Item 9A MemoCity of Southlake, Texas
MEMORANDUM
March 30, 2004
TO: Billy Campbell, City Manager
FROM: Kevin Hugman, Director of Human Resources
SUBJECT: Resolution No. 04 -020, Amending City of Southlake personnel policies to adopt a
policy regulating Protected Health Information as required by the Health
Insurance Portability and Accountability Act ( HIPAA).

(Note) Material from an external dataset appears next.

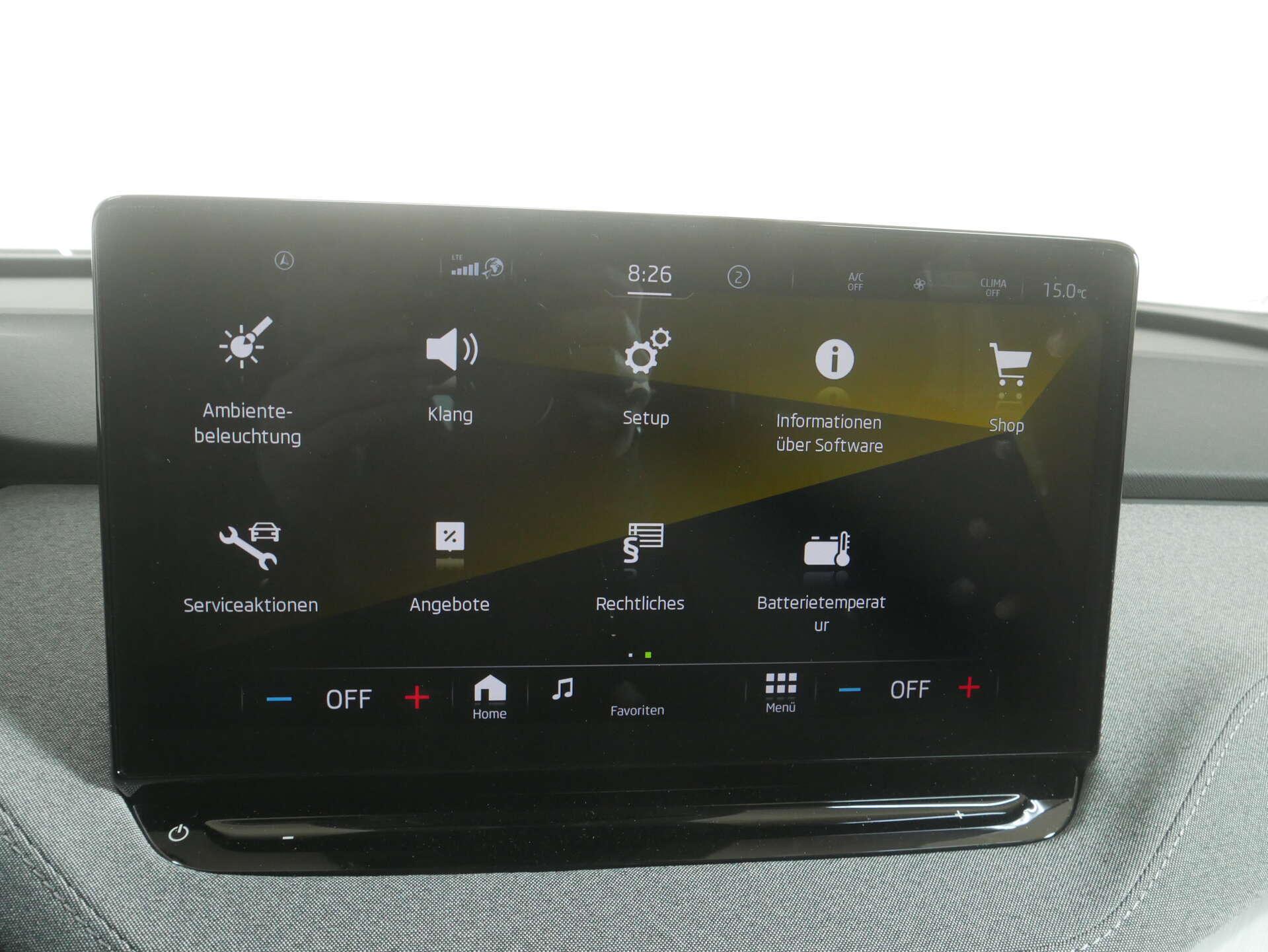 • Komfort: Care Connect inkl. iV Remote Services Basic und Infotainment Online (3 Jahre), Elektrisch einstell-, anklapp- und beheizbare Außenspiegel mit automatischer Abblendung (Fahrerseite), Elektrische Luftzusatzheizung, Geschwindigkeitsregelanlage inkl. Speed Limiter vorbereitet für Adaptiver Abstandsassistent, Heckscheibenwischer inklusive Scheibenwaschanlage, Infotainment Online, Klimaanlage Climatronic (2-Zonen), Ladekabel für AC-Ladestationen (Mode-3-Ladekabel, Typ 2, 16A), Manuelle Leuchtweitenregulierung, Parksensoren vorn und hinten mit Rangierbremsfunktion, Rückfahrkamera, Sprachsteuerung, Verkehrszeichenerkennung, Zentralverriegelung inklusive im Schlüssel integrierter Funkfernbedienungund Easy Start
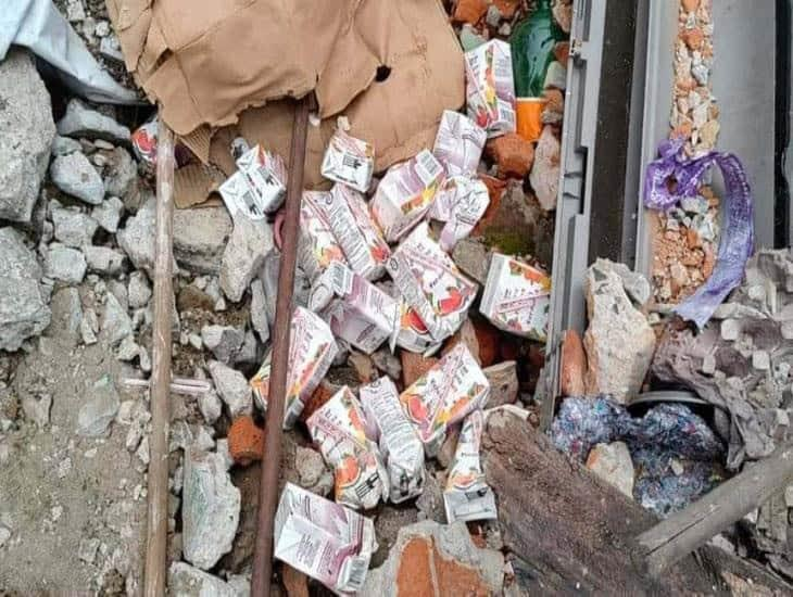 Decenas de cajitas de leche con logotipos del Gobierno Estatal fueron encontradas en un basurero clandestino, ubicado en el fraccionamiento Los Pinos, en la zona norte del Puerto de Veracruz.

Action Requested: City Council approval of Resolution No. 04 -020, amending the personnel
policies to adopt a policy regulating Protected Health Information as required
by the Health Insurance Portability and Accountability Act ( HIPAA), to
become effective April 14, 2004.
Background
Information: The Health Insurance Portability and Accountability Act ( HIPAA) was enacted
by Congress in 1996. Certain sections of the Act required the U.S. Department
of Health and Human Services (HHS) to develop standards for the electronic
exchange, privacy and security of health information. In August 2002, the
HHS published the Standards for Privacy of Individually Identifiable Health
Information, known as the Privacy Rule.
The Privacy Rule applies to health plans, health care clearinghouses, and
health care providers. Since the City provides an employer- sponsored group
health plan, including a flexible spending account administered through a third
party, the City is required to be compliant with the HIPAA Privacy Rule. All
covered entities, except "small health plans" were required to be compliant by
April 14, 2003. The City's health plan, considered to be a "small health plan"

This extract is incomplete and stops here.